**THE INPUT:**
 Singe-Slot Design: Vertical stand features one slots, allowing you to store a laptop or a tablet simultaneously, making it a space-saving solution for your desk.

==

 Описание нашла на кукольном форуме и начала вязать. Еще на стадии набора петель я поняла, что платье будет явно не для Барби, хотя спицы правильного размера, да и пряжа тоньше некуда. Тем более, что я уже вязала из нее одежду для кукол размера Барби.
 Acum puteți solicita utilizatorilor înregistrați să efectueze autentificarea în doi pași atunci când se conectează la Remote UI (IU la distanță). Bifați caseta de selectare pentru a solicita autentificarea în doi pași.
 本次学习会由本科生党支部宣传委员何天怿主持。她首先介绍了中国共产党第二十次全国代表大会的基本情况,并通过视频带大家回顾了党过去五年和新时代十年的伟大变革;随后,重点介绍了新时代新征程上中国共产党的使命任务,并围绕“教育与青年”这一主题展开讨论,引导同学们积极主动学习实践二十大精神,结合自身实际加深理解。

**WHAT TO PRODUCE:** Restate word for word the entries above, starting at the line with "Описание нашла на" and ending at the line with "Acum puteți solicita", inclusive, and no others.

**YOUR RESPONSE:**
 Описание нашла на кукольном форуме и начала вязать. Еще на стадии набора петель я поняла, что платье будет явно не для Барби, хотя спицы правильного размера, да и пряжа тоньше некуда. Тем более, что я уже вязала из нее одежду для кукол размера Барби.
 Acum puteți solicita utilizatorilor înregistrați să efectueze autentificarea în doi pași atunci când se conectează la Remote UI (IU la distanță). Bifați caseta de selectare pentru a solicita autentificarea în doi pași.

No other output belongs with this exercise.